═══ Supplied information ═══

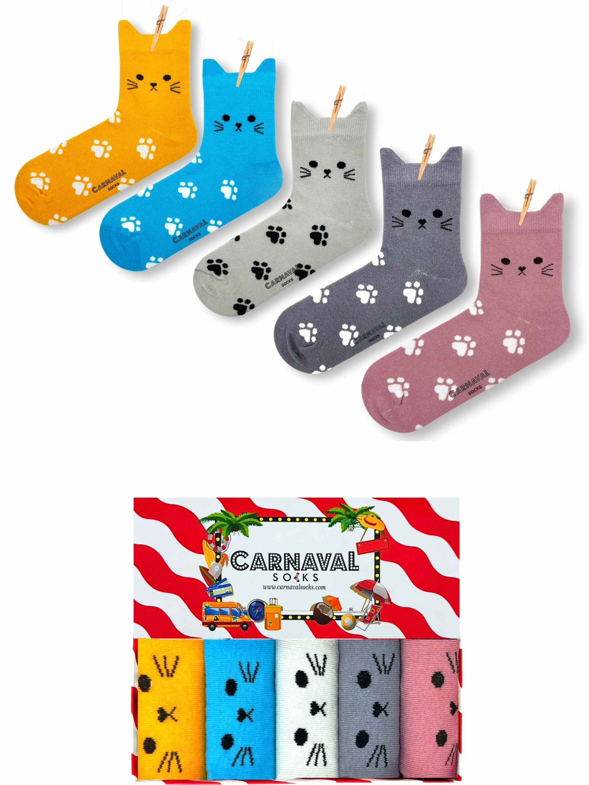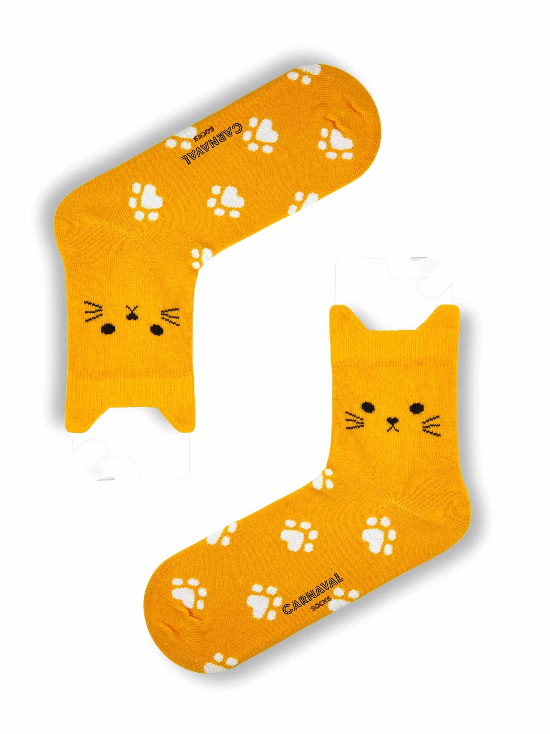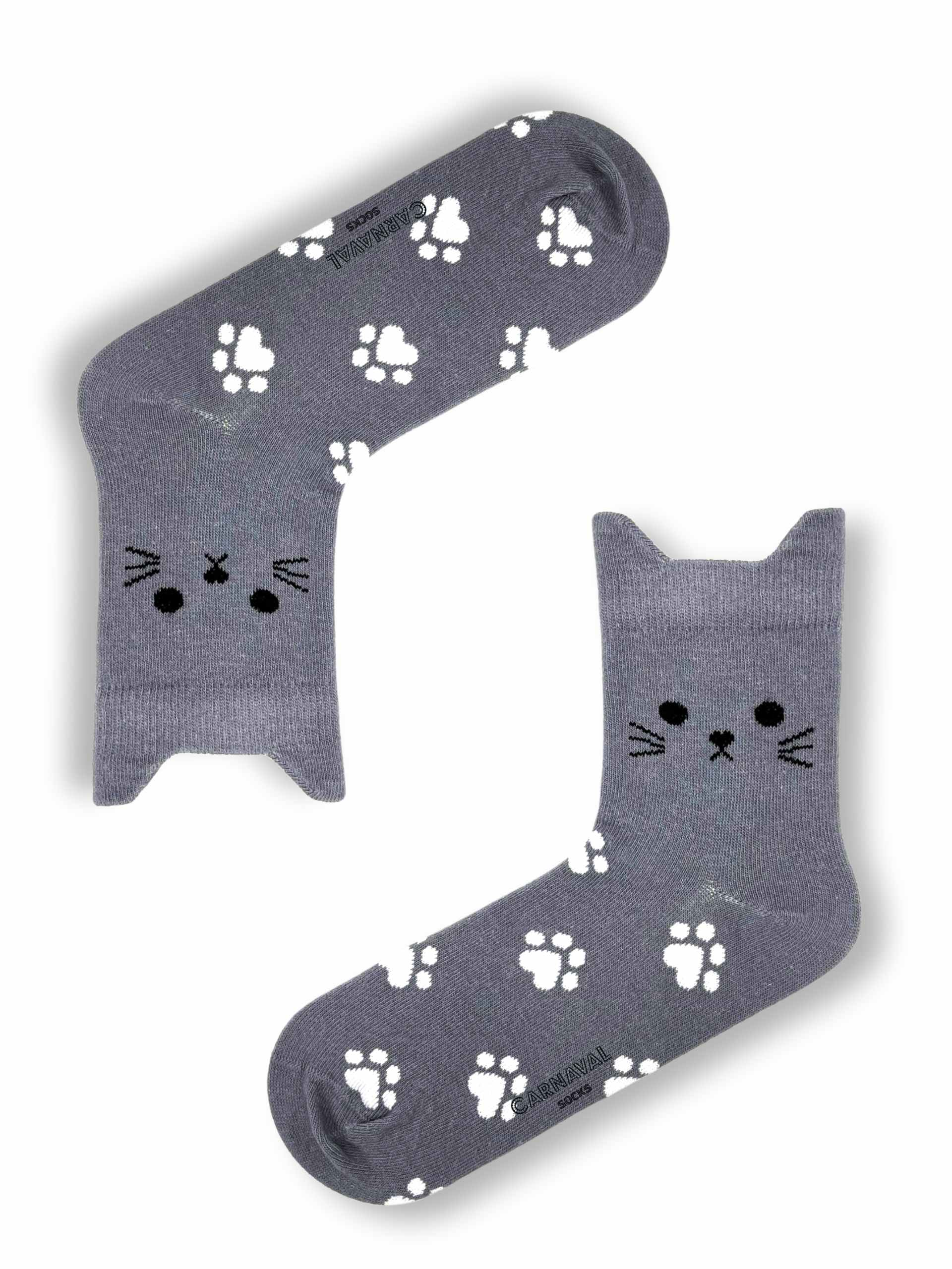 Kedi figürlü kulak detayları ve pati desenleriyle öne çıkan bu çoraplar, renkli kombinleri sevenler için özel olarak tasarlanmıştır.
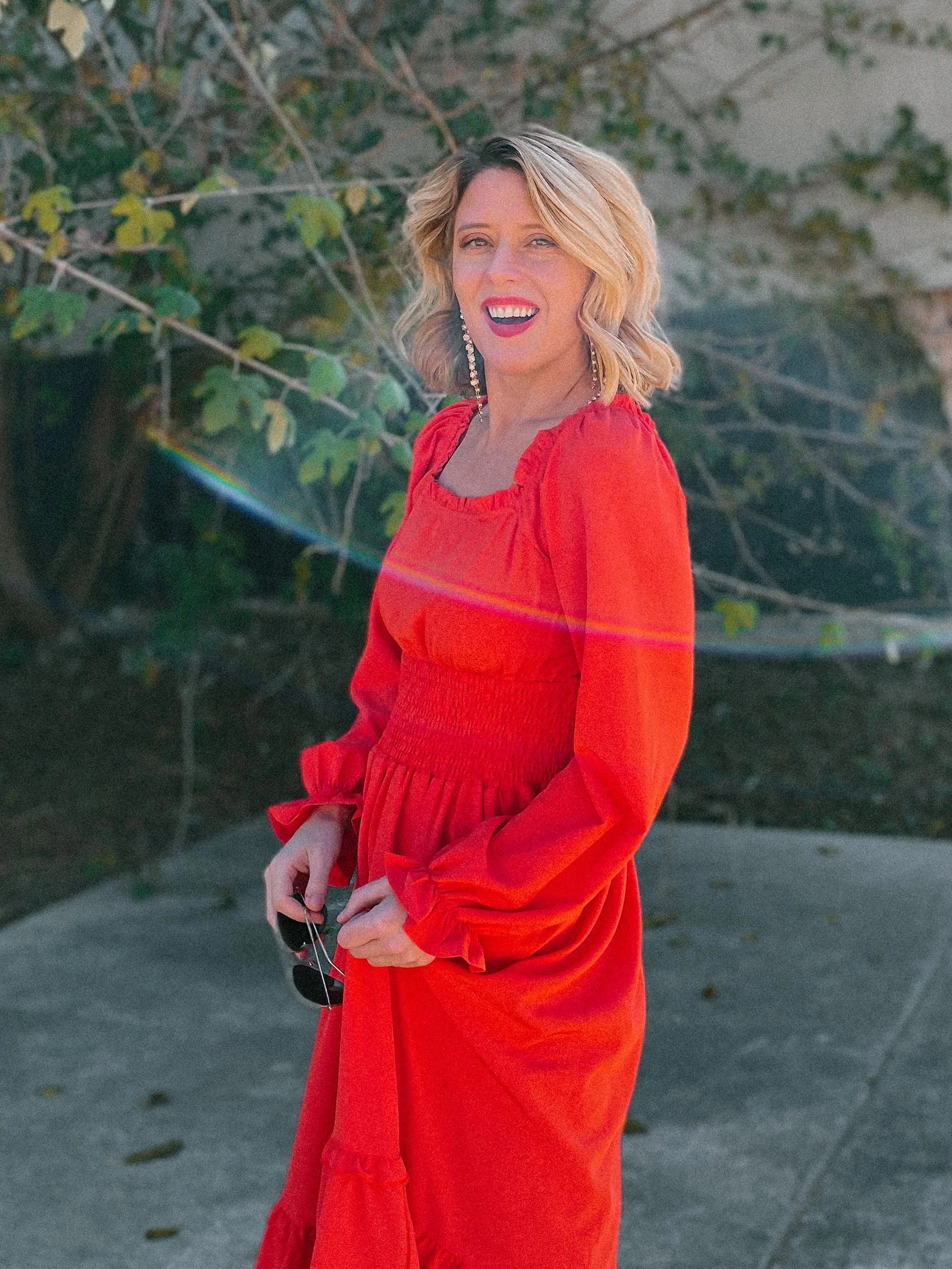 Dress: Missky on Amazon // Shoes: Sarah Flint (save $50 using this link) // Earrings: Park Lane Jewelry // Lipstick: Younique in Red Over Heels // Sunglasses: Ray-ban
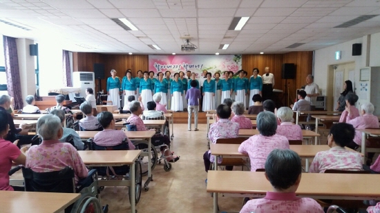 서구노인복지관 (관장 장곡스님) 특화사업으로 진행하고 있는 남선밴드와 젤라합창단에서는 문화소외계층에게 문화공연의 관람기회를 제공하고자 5일 오후 대전 유성구 덕명동에 위치한 선우치매센타에서 위문공연을 실시했다.

═══

Omit the pictures, then quote the rest of the material above exactly.

### Output for this task:
 Kedi figürlü kulak detayları ve pati desenleriyle öne çıkan bu çoraplar, renkli kombinleri sevenler için özel olarak tasarlanmıştır.
 Dress: Missky on Amazon // Shoes: Sarah Flint (save $50 using this link) // Earrings: Park Lane Jewelry // Lipstick: Younique in Red Over Heels // Sunglasses: Ray-ban
 서구노인복지관 (관장 장곡스님) 특화사업으로 진행하고 있는 남선밴드와 젤라합창단에서는 문화소외계층에게 문화공연의 관람기회를 제공하고자 5일 오후 대전 유성구 덕명동에 위치한 선우치매센타에서 위문공연을 실시했다.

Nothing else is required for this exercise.